O mejor dicho, el hecho de no hablar árabe.

Si usted consulta internet, verá que el árabe es la quinta o sexta lengua del mundo, con algo entre 270 millones y 400 millones hablantes, según se mida. Pero si recurre a una lista científica de “idiomas según hablantes nativos”, el árabe simplemente ya no aparece.

Esto, a usted no se lo van a contar en el colegio. Ni siquiera se lo contarán antes de matricularse en Filología Árabe. Es más: puede que hasta se lo nieguen profesores, filólogos y cualquier colega marroquí, egipcio o libanés al que pregunte. Es algo así como el secreto mejor guardado de trescientos millones de personas. Guardado en el armario por la vergüenza que da admitir que en realidad, uno no sabe hablar su propio idioma.

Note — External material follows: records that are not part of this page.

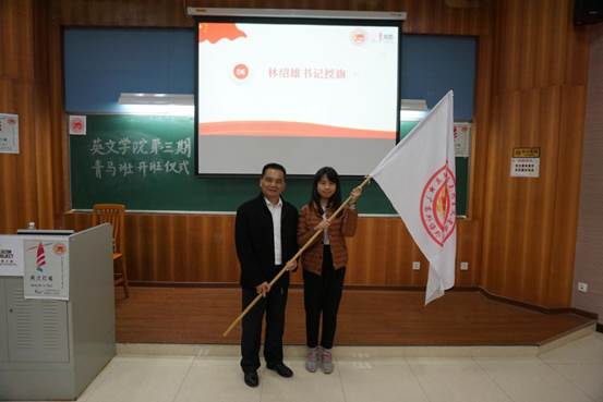 之后进行的是激动人心的授旗及学员证颁发仪式。林绍雄书记为“青马班”授旗,黄晓梅书记为学员代表颁发学员证。接过“青马工程”的大旗,vwin德赢AC米兰官网“青马班”第三期正式启动。“青马”学员将扛起“继承发扬马克思主义,实现中华民族伟大复兴”的重担。重温入团誓词环节后,学员们更加坚定“不忘初心跟党走”的信念、更加坚定中国特色社会主义共同理想。
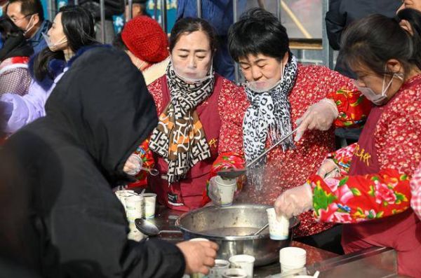 1月7日,在天津芦台大集,工作人员为市民分发腊八粥。新华社记者 孙凡越 摄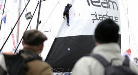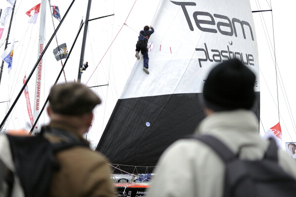 Italian skipper Alessandro di Benedetto’s teammate works on the monohull “Team Plastique”, on November 9, 2012 in Les Sables d’Olonne, western France. The 7th edition of the Vendee Globe solo round-the-world race will start on November 10, 2012. AFP PHOTO JEAN-SEBASTIEN EVRARD (Photo credit should read JEAN-SEBASTIEN EVRARD/AFP/Getty Images)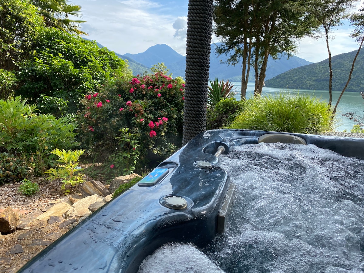 Det perfekte stedet for neste ferie. Beliggende ti minutter fra Havelock og 45 minutter fra Blenheim. Ved ankomst vil du være omgitt av innfødt busk og rikelig fugleliv. Kajakkene våre er til din bruk, og stranddekket vårt ligger to minutters gange ned til stranden. Et flott sted å slappe av i solen. Utendørs grillplass og spa-basseng setter scenen for din avslappende pause. Alle skyvedører åpner seg mot en stor terrasse, perfekt for å nyte den pittoreske utsikten. Fortøyningen vår kan være tilgjengelig.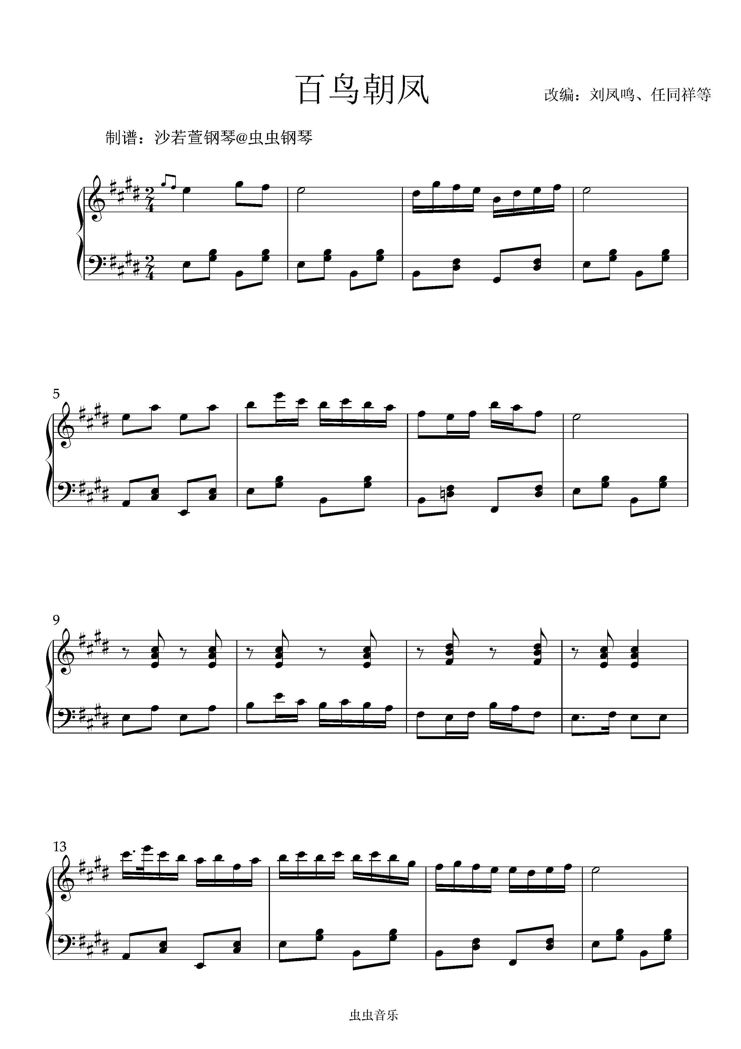 百鸟朝凤钢琴简谱 数字双手

Lo que nunca hará es decir en el recreo del colegio: Dona mihi osculum, speciose mee

Que sea su propio idioma lo dice la Constitución. En todos los países de Marruecos a Iraq que llamamos “mundo árabe”. “El idioma del Estado es el árabe”. Listo, árabe es lo que se enseña en el colegio. Y a nadie le gusta confesar que el primer día que llegó al colegio no entendía ni papa, aunque le sonara vagamente. Como si a usted, lectora, nada más soltar la cartilla en el pupitre con seis años, le dijeran: Latinus est lingua tua, scribere et legere sapere necesse est.

Claro que al final usted se irá acostumbrando. No es tan difícil. Al cabo de unos años, usted redactará fluidamente ensayos en latín —lo hizo media Europa hasta bien entrado el siglo XX— y hasta podrá dar discursos ante un micrófono. Lo que nunca hará es decir en el recreo del colegio, en una esquina del patio, a un compañero: Dona mihi osculum, speciose mee.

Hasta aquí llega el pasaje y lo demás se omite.